Here's an extract from today's Sunday Times (£):
Late last week I watched BBC News at Ten in the hope of seeing what the Beeb did with the story about its chairman, Lord Patten, refusing to testify before a House of Commons committee about alleged political bias over Europe within the corporation.
I rather hoped that Patten himself would be interviewed: there is something about the man that makes me want to join a secretive Marxist revolutionary cell and start blowing things up.
It’s that aloof disdain, I think, plus the epic self-regard.
Sadly News at Ten, all of it, was otherwise occupied with the death of Nelson Mandela. Maybe it’ll be on Question Time, I thought — but that programme had been moved to make way for more stuff about poor old Nels. So I took the dog for a walk, had a few drinks, collapsed into bed and rose late the next day and switched on the BBC to see if maybe Fatty Pang, as Patten was known to the Chinese, was now getting an airing.
Nope. The lead story informed me that, mysteriously, Nelson Mandela was still dead and that his regrettable state of being still dead, at the age of 95 after a long illness, was more important than anything else happening in the world.
Mandela was a great man, beyond all doubt. But for the BBC — and plenty of other news organisations — someone has blurred the line between “respect” and “absurd, interminable over-indulgence”.  I felt much the same about the news coverage when Margaret Thatcher died, just in case you think I’m one of those far-right zealots who think Mandela should have been hanged as a terrorist. I don’t think that. I just weary at the predictable relentlessness of the coverage.
What he said.

UPDATE 15:45 

The BBC News website is still leading with (and saturated by) Nelson Mandela stories - and their readers remain pretty uninterested.

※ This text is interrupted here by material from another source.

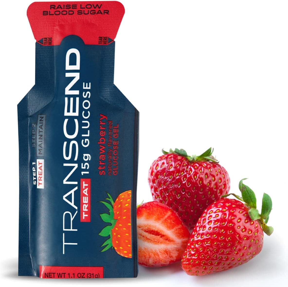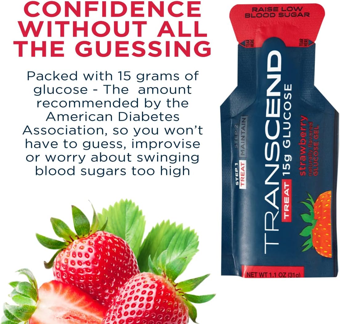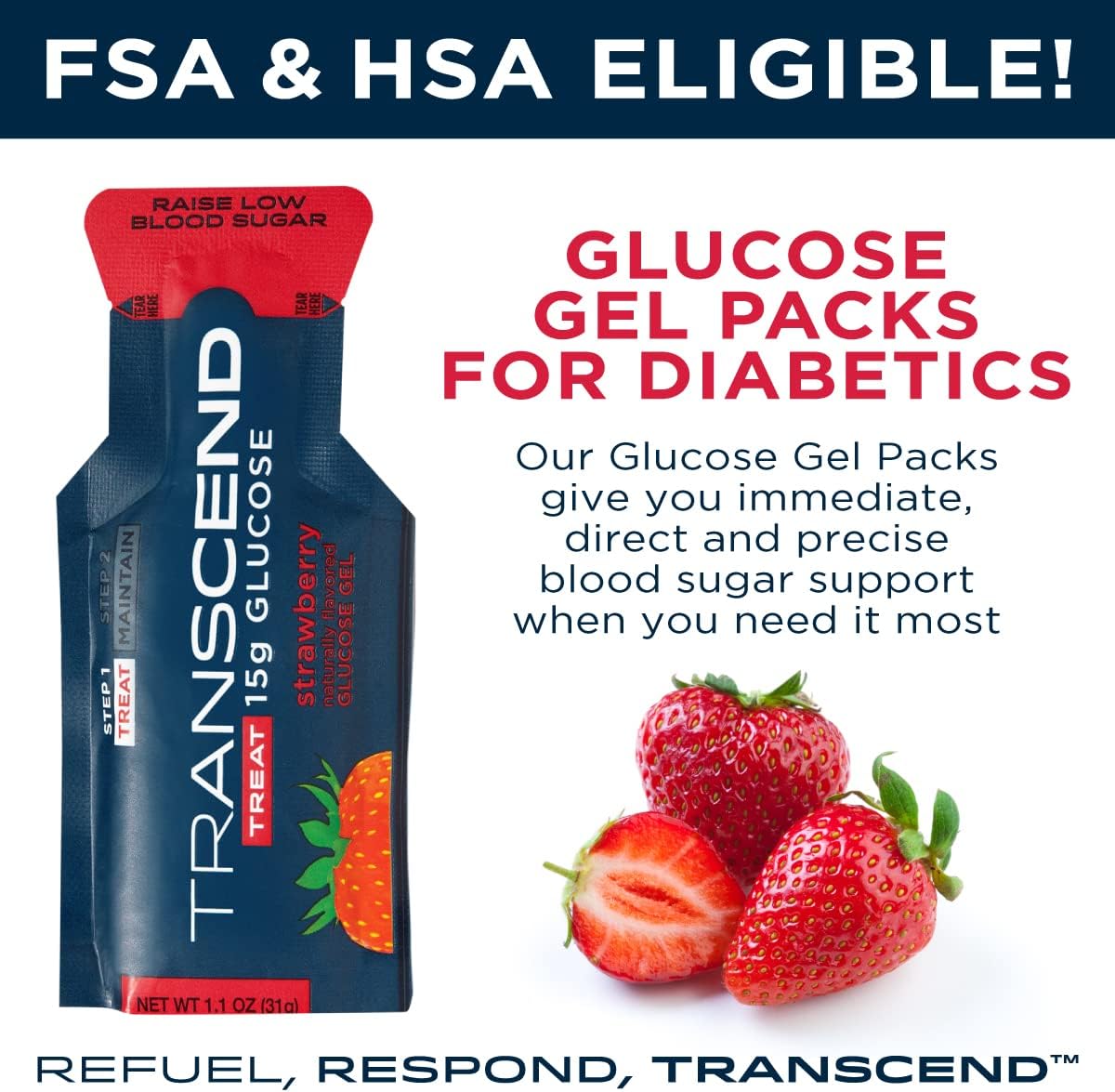 Transcend Glucose Gel Packs - Strawberry, 15 Pack (1.1oz Each) - FSA/HSA Eligible - Glucose Gel Packs for Diabetics, Blood Sugar Support Alternative to Glucose Tablets - Precise 15g Dose, Made in USA

Here are the 'most popular' stories at the moment:

1: Body parts found washed up on shore
2: MPs set to receive 11% pay rise
3: Second match-fixing probe launched
4: Men freed after 'slavery' raids
5: Clutha hate comments investigated
6: Inmarsat begins global roll-out
7: Are Christmas trees getting worse?
8: New Labour, Nigella and 'no-fly UK'
9: Most people in poverty are 'in work'
10: Why do we value gold?

UPDATE 20:15 

Yes, the BBC News website is still leading with Nelson Mandela, though there are now a mere 23 separate articles on their homepage.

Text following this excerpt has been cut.